PythonHardmathnumbersalgorithmssorting

Instructions

The median of a data sample is the value that separates the higher half and the lower half of the data. For example, the median of [1, 2, 3] is 2, and the median of [1, 2, 3, 4] is 2.5 (because (2 + 3) / 2 = 2.5). Another way of saying "median" is to say "Q2" (it's the second quartile).

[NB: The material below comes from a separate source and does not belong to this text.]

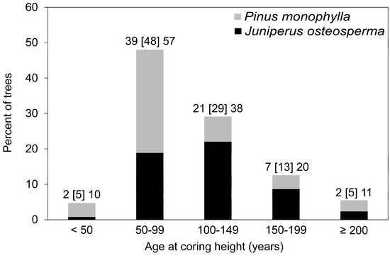 The third limitation was challenges also extensively noted in the literature with cross-dating Juniperus trees, resulting in many studies including ours to focus on ring counts or minimum ages for likely partially dated trees [20,43,44]. There can also be variation among sites in the time trees require to grow to coring height [20]. This can be estimated by sampling growth rate to coring height in contemporary seedlings, but this may not match the time required in previous centuries for the oldest trees. Retrospectively determining this typically necessitates cutting cross-sections at the root collar (and comparing with the age at coring height) via the destructive sampling of old trees, which was not appropriate in our study in a national park setting. We sought to minimize limitations with cross-dating by grouping trees into 50-year age classes to enable approximate comparisons between broad time periods, such as circa pre- or post-1870s representing general land use change associated with settlement in the study region [24].
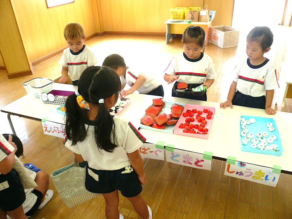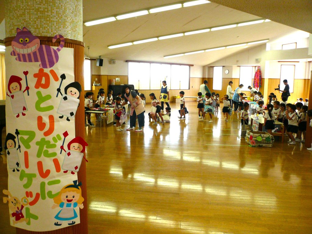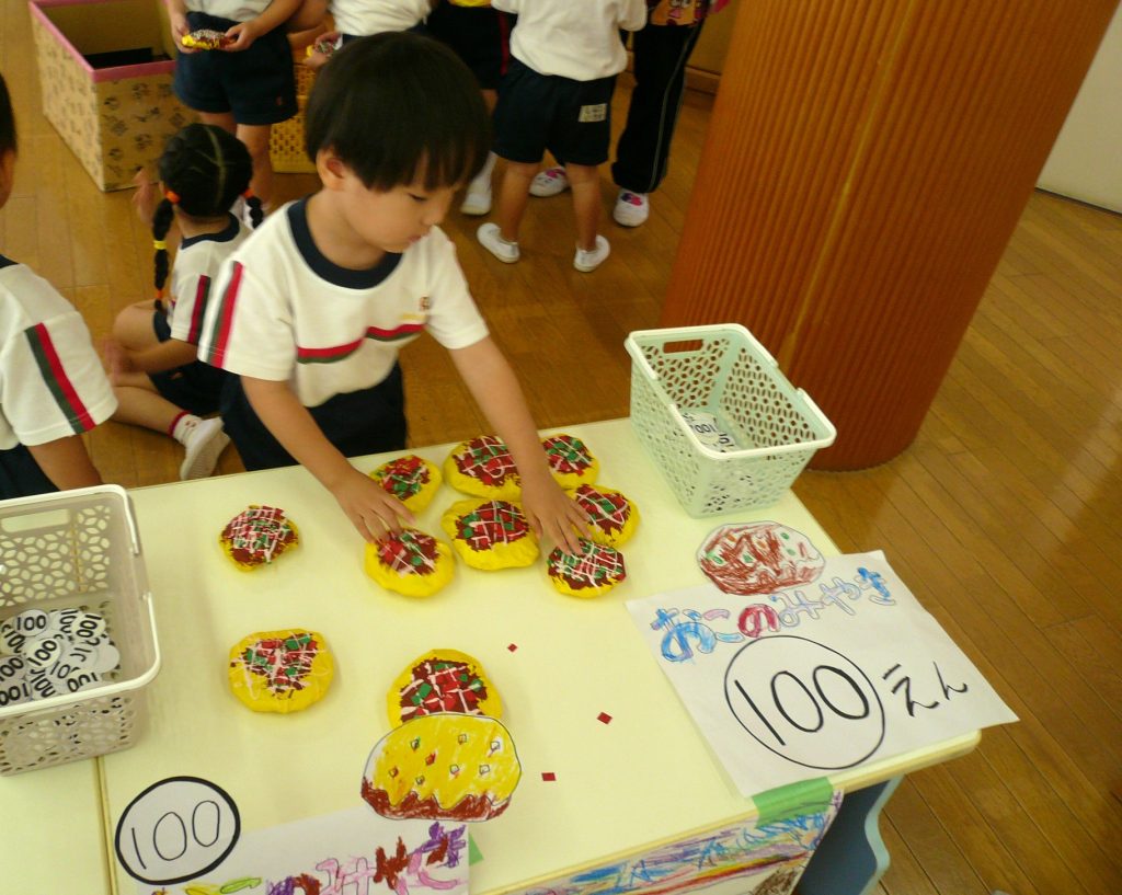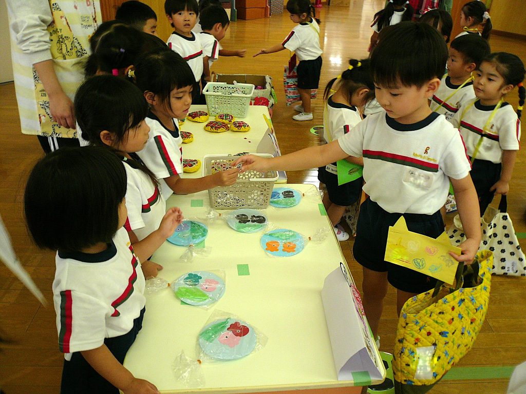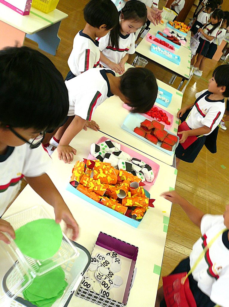 何を買おうか迷いながら、列に並んで手提げ袋にたくさん品物を入れていく年長組さん、先生と一緒にひとつずつお買い物をしていく満3歳児クラスのお友だち、どの子もみんな楽しそうでした!

Q1 and Q3 are the medians of the values above or below the Q2. The IQR is equal to Q3 - Q1. Here's an example:

Let's say your data sample is: 1, 2, 3, 4

  • The median (Q2) is: (2+3)/2 =2.5
  • The lower half is: 1, 2
  • The upper half is: 3, 4
  • Q1 (median of the first half): (1+2)/2 = 1.5
  • Q3 (median of the second half): (3+4)/2 = 3.5
  • IQR = Q3 - Q1 = 3.5 - 1.5 = 2

If the length of the data sample is odd, as in: 1, 2, 3, 4, 5

  • The median (Q2) is: 3 (the number is in the middle, so no need to average).
  • 3 is the number that separates the upper and lower data, so we exclude it.
  • The lower half is: 1, 2
  • The upper half is: 4, 5
  • Q1 (median of the first half): (1+2)/2 = 1.5
  • Q3 (median of the second half): (4+5)/2 = 4.5
  • IQR = Q3 - Q1 = 4.5 - 1.5 = 3

Make a function that takes a list of floats and/or integers and returns the IQR for that list. The return type can be float or int. It doesn't matter.

Examples

iqr([1, 2, 3, 4]) ➞ 2.0

iqr([5, 4, 3, 2, 1]) ➞ 3.0

iqr([-3.1, -3.8, -14, 23, 0]) ➞ 20.4

Notes

  • In all test cases, none of the solutions have repeating decimals, so you shouldn't need to worry about rounding the result.
  • There is no universal agreement on how to select quartile values, so if you use an online calculator (such as Wolfram Alpha), you could get a different result depending on how the quartile values were calculated. You need to obtain the quartile values in the way described in the description, which is taken from the description given on khanacademy.com.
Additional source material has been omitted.